_Exercise objective_: Your task is to give the records again exactly. Leave each picture out.

_Dataset_:
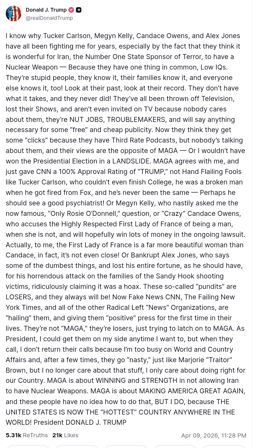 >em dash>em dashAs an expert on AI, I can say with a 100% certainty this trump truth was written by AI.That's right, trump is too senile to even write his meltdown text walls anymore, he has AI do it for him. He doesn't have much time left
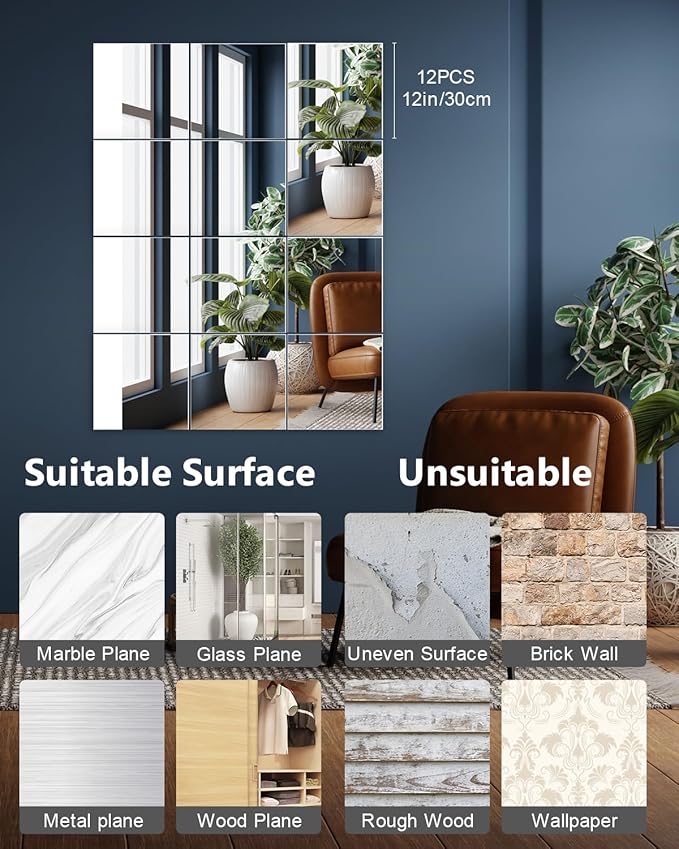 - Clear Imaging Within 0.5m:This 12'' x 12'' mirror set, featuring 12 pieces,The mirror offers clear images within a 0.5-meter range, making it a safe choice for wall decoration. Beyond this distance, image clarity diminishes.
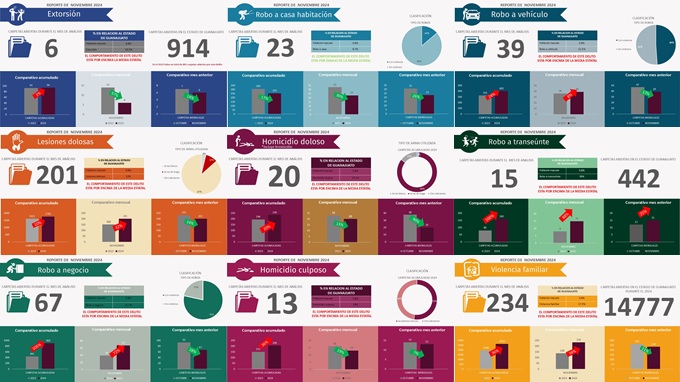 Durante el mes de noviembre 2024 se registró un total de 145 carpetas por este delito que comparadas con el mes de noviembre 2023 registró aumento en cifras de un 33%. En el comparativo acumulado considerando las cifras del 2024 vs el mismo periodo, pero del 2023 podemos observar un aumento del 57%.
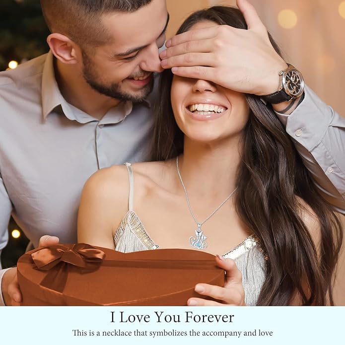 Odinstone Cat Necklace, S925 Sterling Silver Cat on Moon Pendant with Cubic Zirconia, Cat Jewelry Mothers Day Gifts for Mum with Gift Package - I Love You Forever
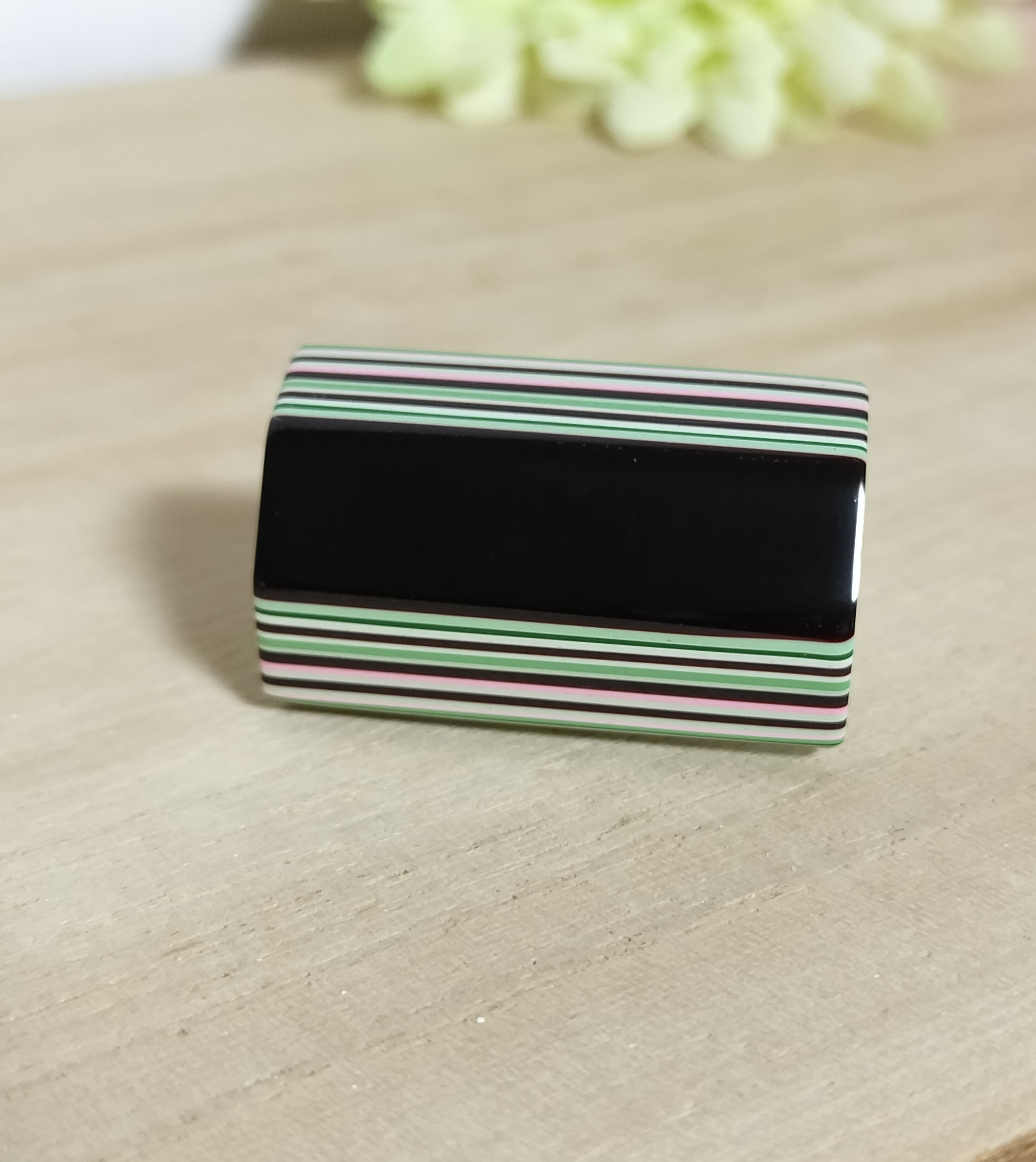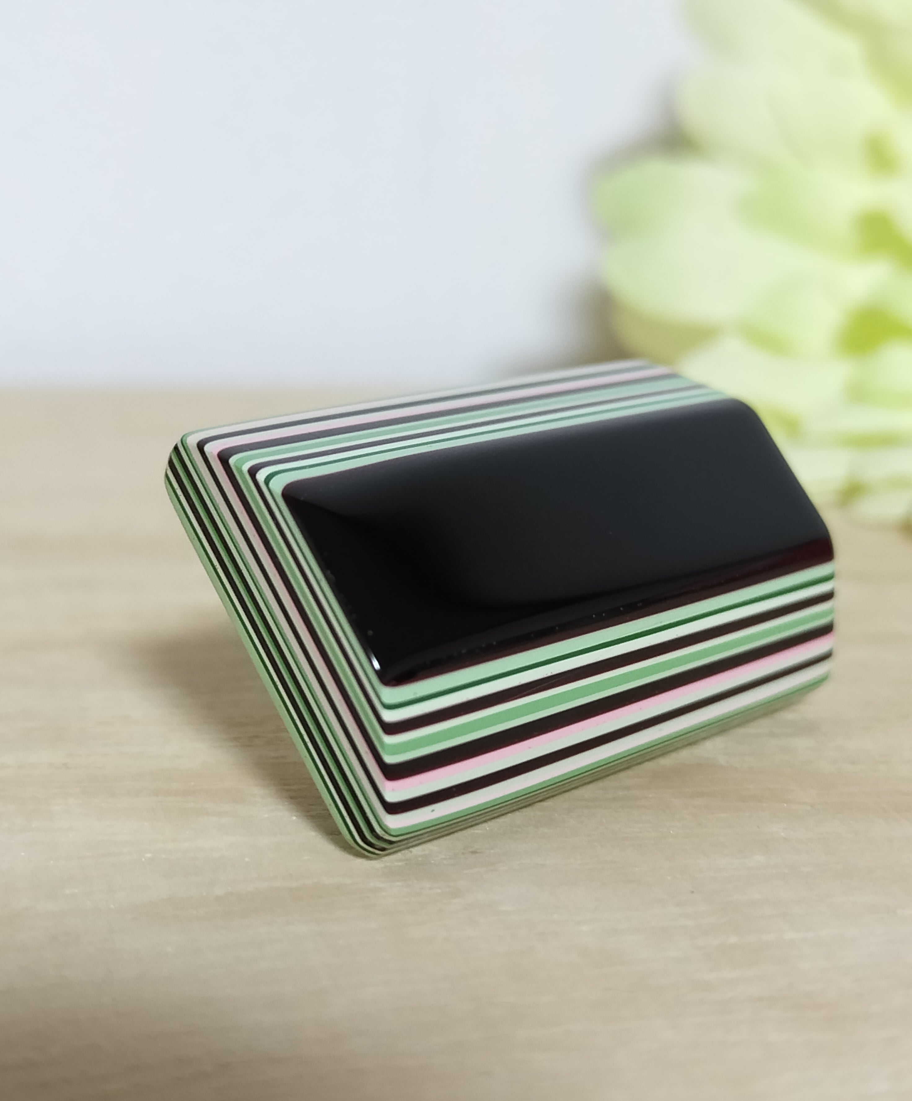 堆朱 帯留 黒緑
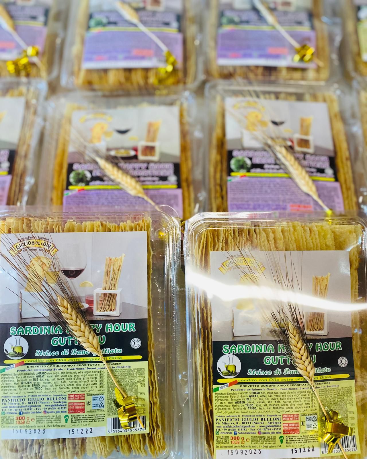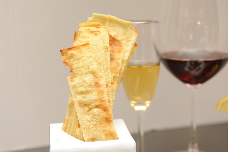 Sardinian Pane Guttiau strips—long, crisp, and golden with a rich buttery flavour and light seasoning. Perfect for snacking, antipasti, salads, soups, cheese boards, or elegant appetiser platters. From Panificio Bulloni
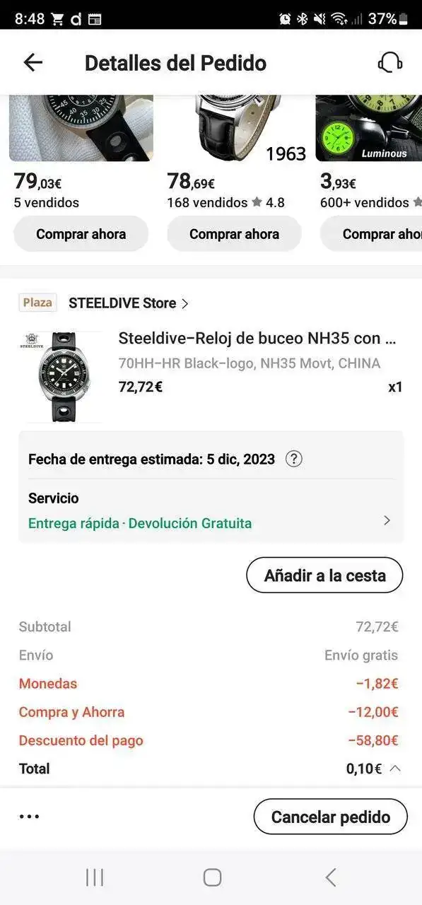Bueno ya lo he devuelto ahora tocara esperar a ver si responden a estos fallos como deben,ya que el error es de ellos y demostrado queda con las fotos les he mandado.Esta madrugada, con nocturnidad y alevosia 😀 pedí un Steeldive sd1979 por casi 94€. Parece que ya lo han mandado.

_Solution to this exercise_:
 >em dash>em dashAs an expert on AI, I can say with a 100% certainty this trump truth was written by AI.That's right, trump is too senile to even write his meltdown text walls anymore, he has AI do it for him. He doesn't have much time left
 - Clear Imaging Within 0.5m:This 12'' x 12'' mirror set, featuring 12 pieces,The mirror offers clear images within a 0.5-meter range, making it a safe choice for wall decoration. Beyond this distance, image clarity diminishes.
 Durante el mes de noviembre 2024 se registró un total de 145 carpetas por este delito que comparadas con el mes de noviembre 2023 registró aumento en cifras de un 33%. En el comparativo acumulado considerando las cifras del 2024 vs el mismo periodo, pero del 2023 podemos observar un aumento del 57%.
 Odinstone Cat Necklace, S925 Sterling Silver Cat on Moon Pendant with Cubic Zirconia, Cat Jewelry Mothers Day Gifts for Mum with Gift Package - I Love You Forever
 堆朱 帯留 黒緑
 Sardinian Pane Guttiau strips—long, crisp, and golden with a rich buttery flavour and light seasoning. Perfect for snacking, antipasti, salads, soups, cheese boards, or elegant appetiser platters. From Panificio Bulloni
Bueno ya lo he devuelto ahora tocara esperar a ver si responden a estos fallos como deben,ya que el error es de ellos y demostrado queda con las fotos les he mandado.Esta madrugada, con nocturnidad y alevosia 😀 pedí un Steeldive sd1979 por casi 94€. Parece que ya lo han mandado.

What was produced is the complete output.